Activity
Leaving pictures aside, set down each line exactly, from the first line of the data to the line with "Figure 9.2 The", both included.

Material to process
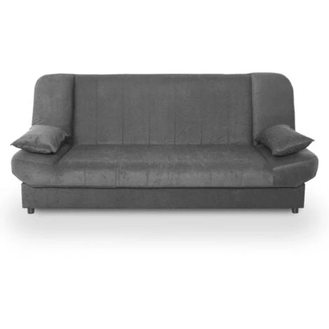 Notre canapé convertible se transforme rapidement en lit confortable grâce à son système d’ouverture clic clac. Il possède un coffre de rangement spacieux vous permettant de ranger couettes et oreillers.
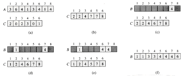 Figure 9.2 The operation of COUNTING-SORT on an input array A[1 . . 8], where each element ofA is a positive integer no larger than k = 6. (a) The array A and the auxiliary array C after line 4. (b) The array C after line 7. (c)-(e) The output array B and the auxiliary array C after one, two, and three iterations of the loop in lines 9-11, respectively. Only the lightly shaded elements of array B have been filled in. (f) The final sorted output array B.
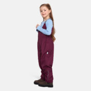 Children´s waterproof and windproof trousers. Breathable outer fabric. Inside of soft lining fabric. The trousers have a higher waist and adjustable elastic braces. Rubber band incorporated on the waistline and leg ends. Waterproof taped seat seam. The pants have no inseam on the leg. Reflective details on the outer fabric.
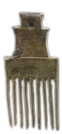 目前,寶雞青銅器博物院館藏青銅梳皆出土于竹園溝(弓魚yu)國墓地。在竹園溝(弓魚yu)國墓地十三號墓中,曾出土兩件銅梳,其中一件較為完整。這件銅梳略大,通高9.6厘米、身寬4.2厘米,梳身頂端部分做成“凸”形,便于用手把握,上部有孔可穿系,銅梳下端為長方形,有9枚長長的梳齒,看起來頗為典雅秀氣。
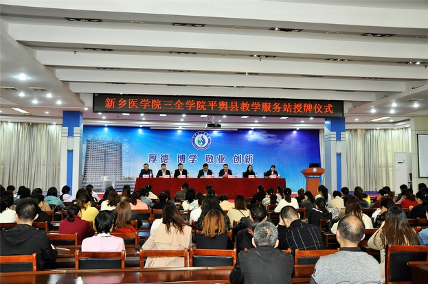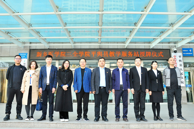 10月19日,我校在平舆县人民医院报告厅隆重举行新乡医学院三全学院平舆县教学服务站授牌仪式,我院党委副书记张钢,平舆县人民医院党委副书记、副院长张丰刚,副院长徐银领出席,我校继续教育学院、基础医学院等部门负责人参加。授牌仪式由平舆县人民医院工会主席于冬梅主持。

Answer section
 Notre canapé convertible se transforme rapidement en lit confortable grâce à son système d’ouverture clic clac. Il possède un coffre de rangement spacieux vous permettant de ranger couettes et oreillers.
 Figure 9.2 The operation of COUNTING-SORT on an input array A[1 . . 8], where each element ofA is a positive integer no larger than k = 6. (a) The array A and the auxiliary array C after line 4. (b) The array C after line 7. (c)-(e) The output array B and the auxiliary array C after one, two, and three iterations of the loop in lines 9-11, respectively. Only the lightly shaded elements of array B have been filled in. (f) The final sorted output array B.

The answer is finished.